### Provided data

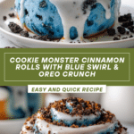 These Cookie Monster Cinnamon Rolls are a fun and delicious twist on classic cinnamon rolls, featuring a vibrant blue swirl and a cookie-filled cinnamon sugar center. Topped with cream cheese icing and extra cookie crumbs, they make an irresistible treat for any occasion.
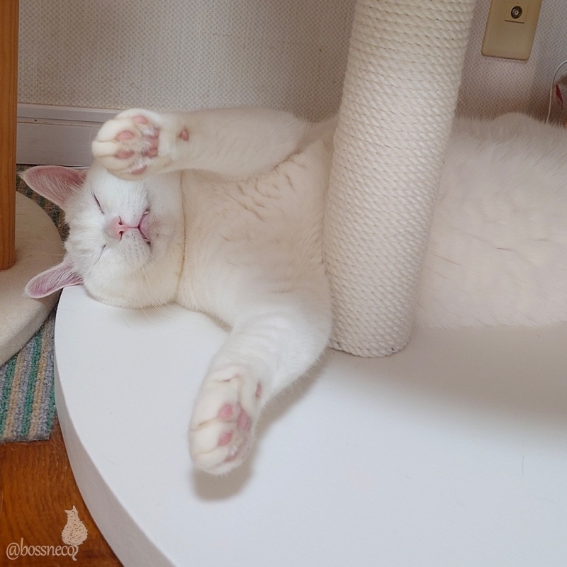 月末休日の休み明け月初 忙しい中でも見逃せなかった白猫Ryu ぱぁ~ฅฅしてたら そのまま寝落ち で、そのあんよもぱぁ~👐 #Blueskyねこ部 #CatsofBlueSky #CatsofBSky #catsky #catlovers — from Bluesky 2025-09-01
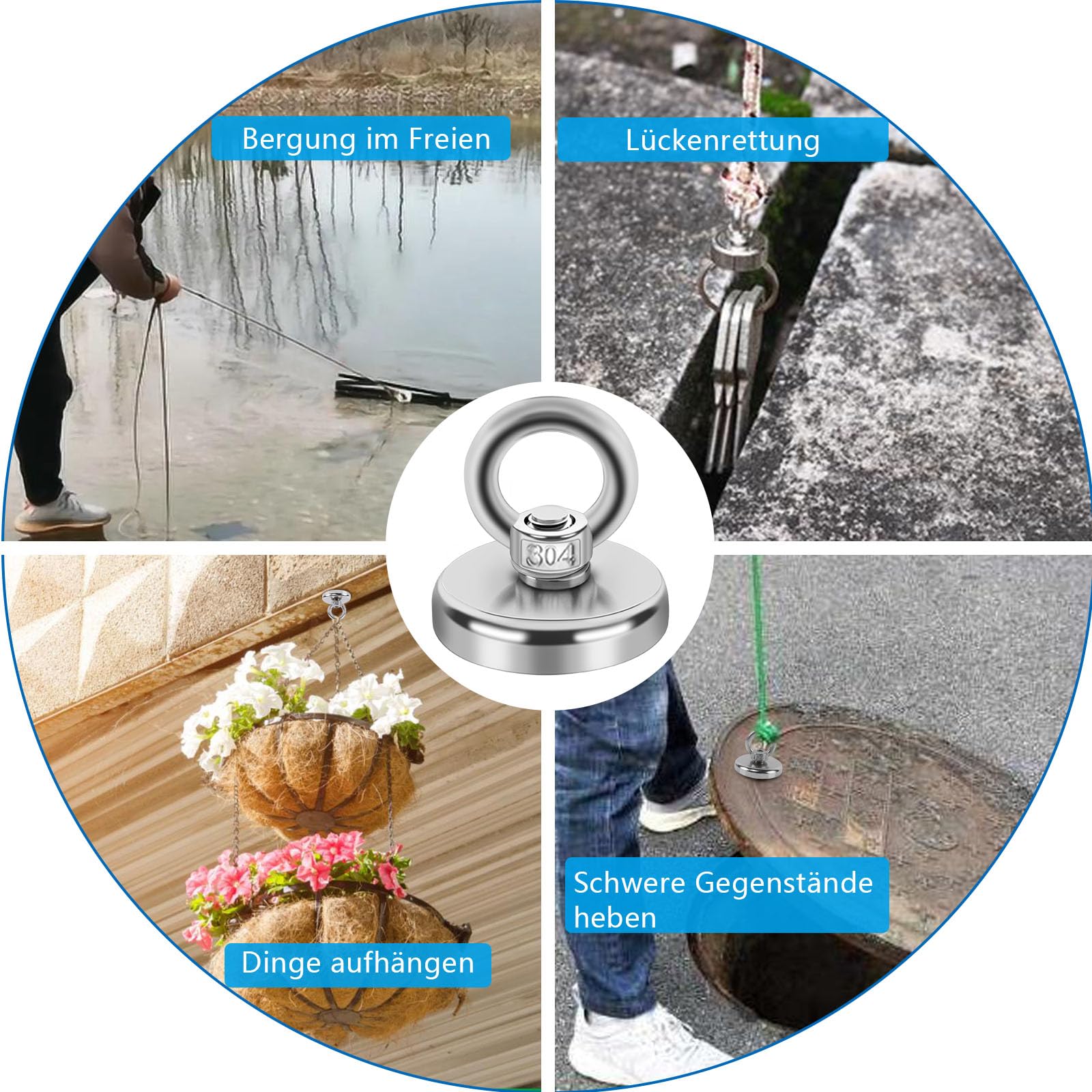 "【Magnet Fishing】: Strong magnets for fishing, lifting, hanging, and holding. Enjoy finding lost treasures in rivers, lakes, wells, canals, or swimming pools. Magnet fishing can also be used as a garage organizer to store garden tools, obstacles, hooks, or other items. Wherever you are, you need an extremely strong magnet.",
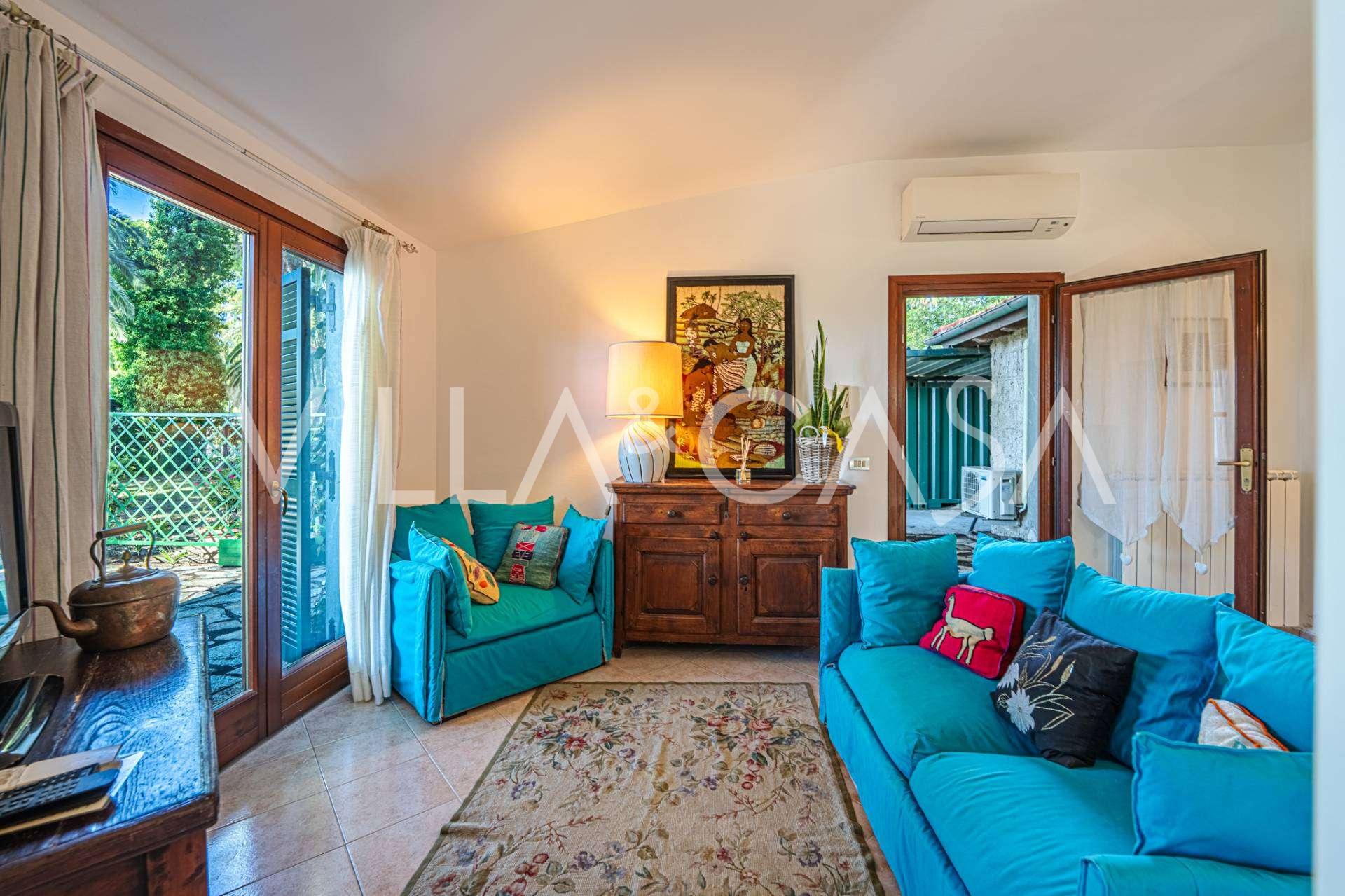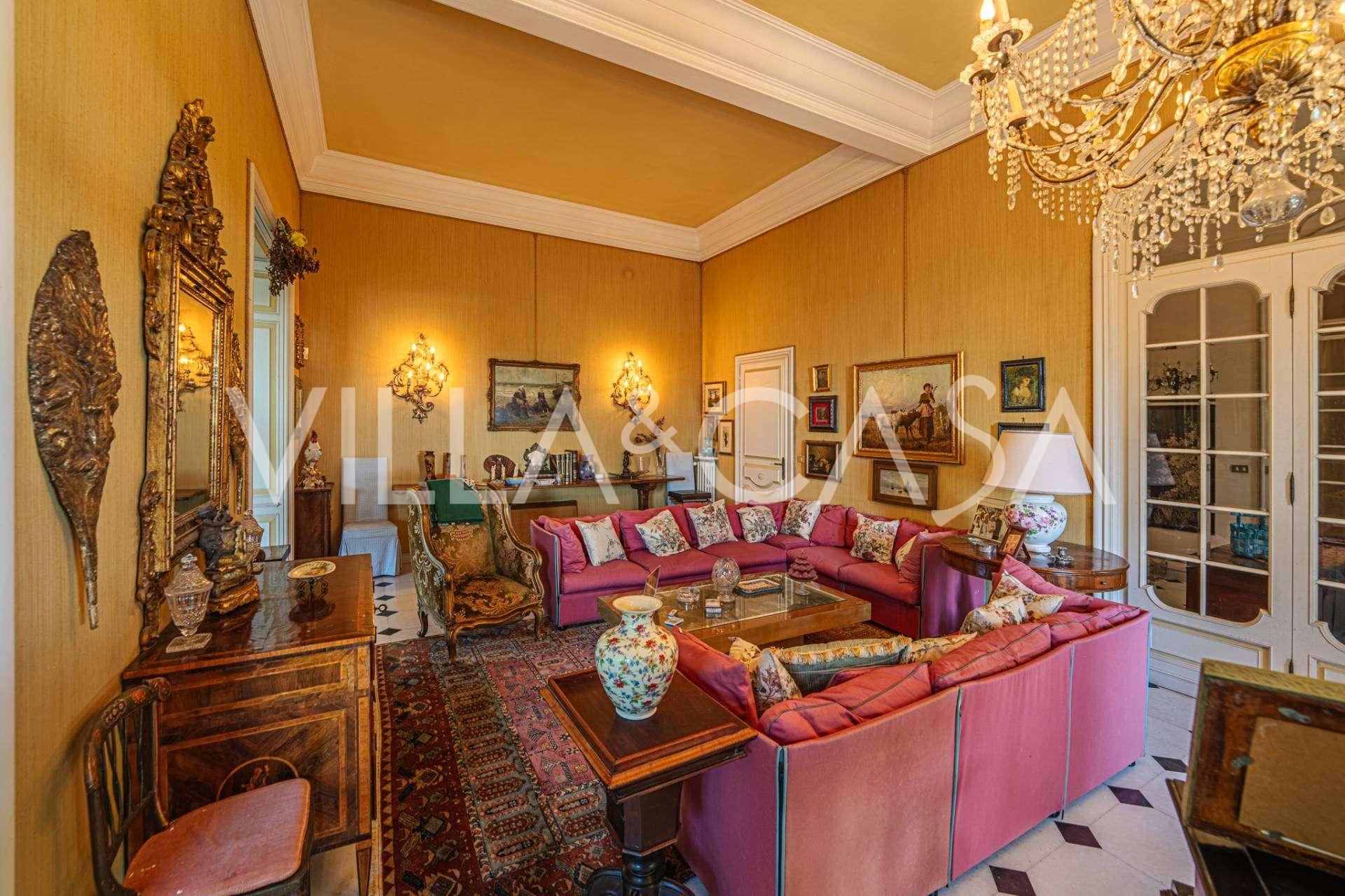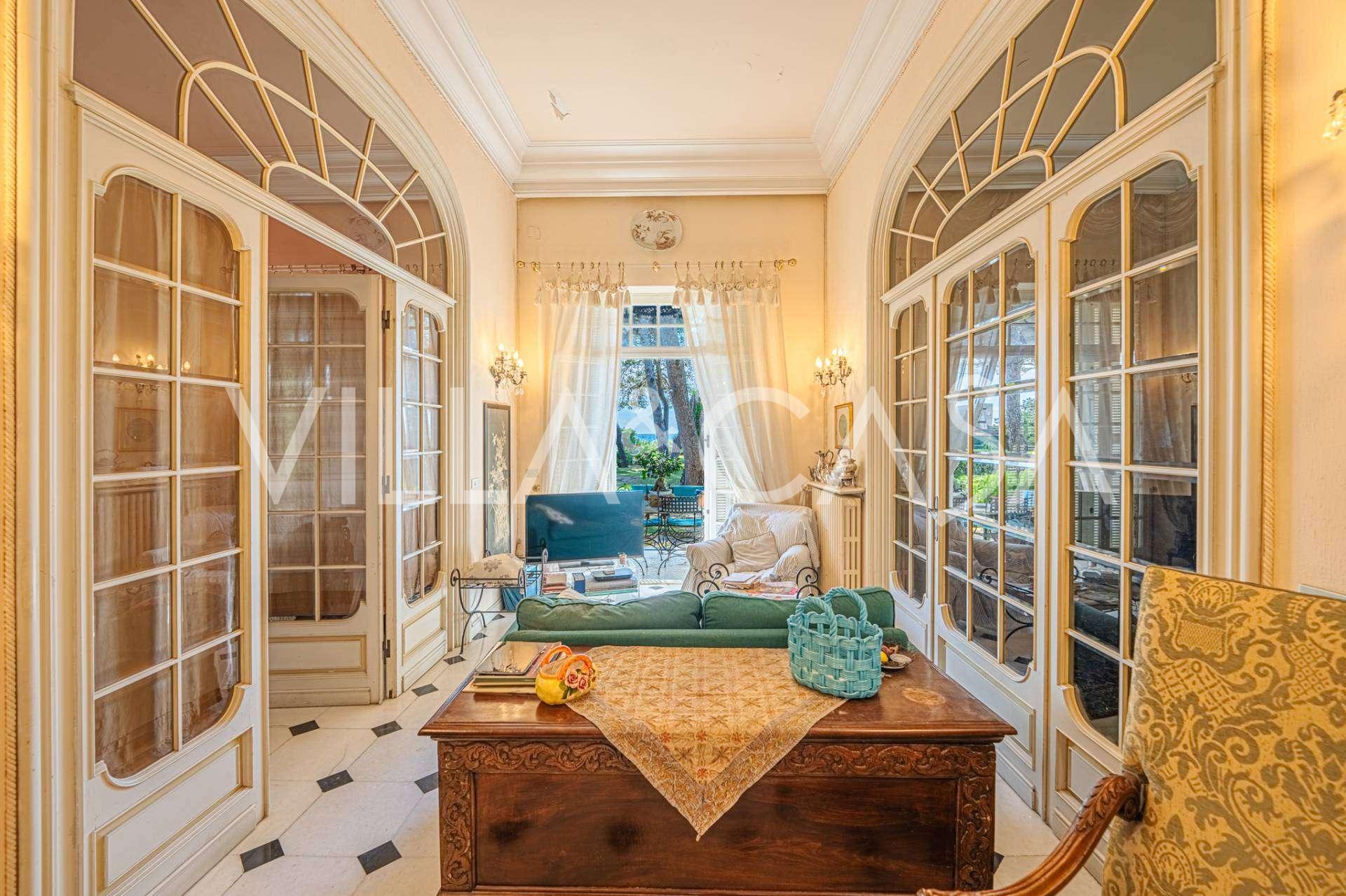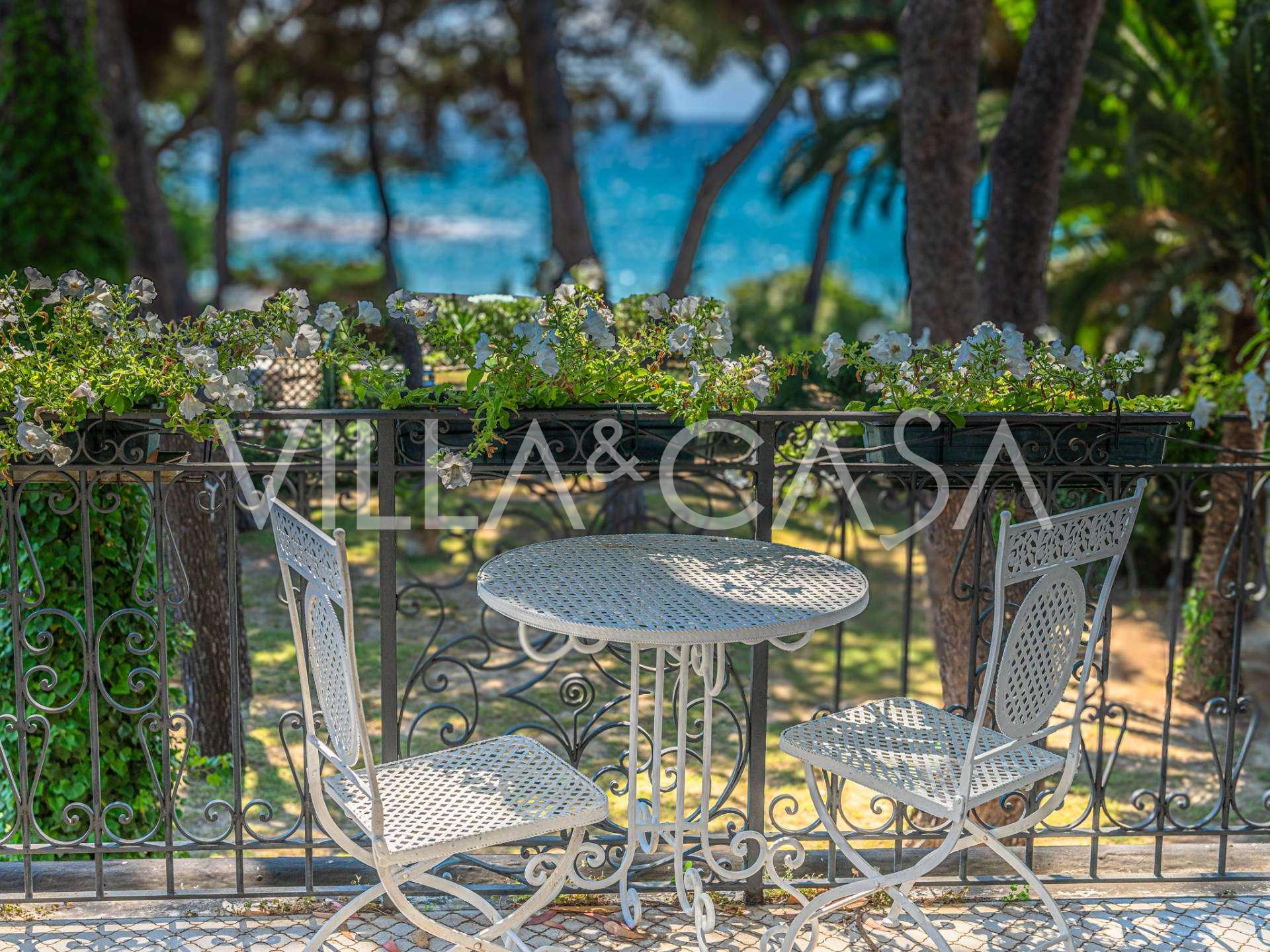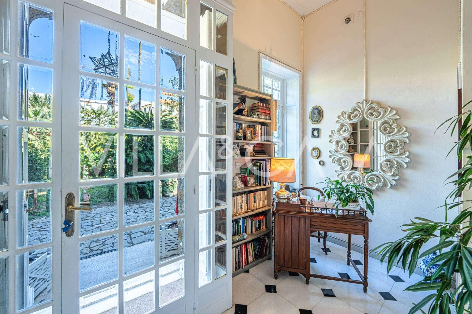 À vendre, une élégante villa en première ligne de mer à Diano Marina, conçue dans un style anglais, d'une superficie d'environ 628 m², répartie sur quatre niveaux. Elle dispose d'un accès direct à la mer et à une plage de sable. La villa est entourée d'un vaste parc d'environ 5000 m² avec des pins méditerranéens centenaires.

### Task statement
Give the data above again, exactly, with every picture removed.

### Answer to the problem
 These Cookie Monster Cinnamon Rolls are a fun and delicious twist on classic cinnamon rolls, featuring a vibrant blue swirl and a cookie-filled cinnamon sugar center. Topped with cream cheese icing and extra cookie crumbs, they make an irresistible treat for any occasion.
 月末休日の休み明け月初 忙しい中でも見逃せなかった白猫Ryu ぱぁ~ฅฅしてたら そのまま寝落ち で、そのあんよもぱぁ~👐 #Blueskyねこ部 #CatsofBlueSky #CatsofBSky #catsky #catlovers — from Bluesky 2025-09-01
 "【Magnet Fishing】: Strong magnets for fishing, lifting, hanging, and holding. Enjoy finding lost treasures in rivers, lakes, wells, canals, or swimming pools. Magnet fishing can also be used as a garage organizer to store garden tools, obstacles, hooks, or other items. Wherever you are, you need an extremely strong magnet.",
 À vendre, une élégante villa en première ligne de mer à Diano Marina, conçue dans un style anglais, d'une superficie d'environ 628 m², répartie sur quatre niveaux. Elle dispose d'un accès direct à la mer et à une plage de sable. La villa est entourée d'un vaste parc d'environ 5000 m² avec des pins méditerranéens centenaires.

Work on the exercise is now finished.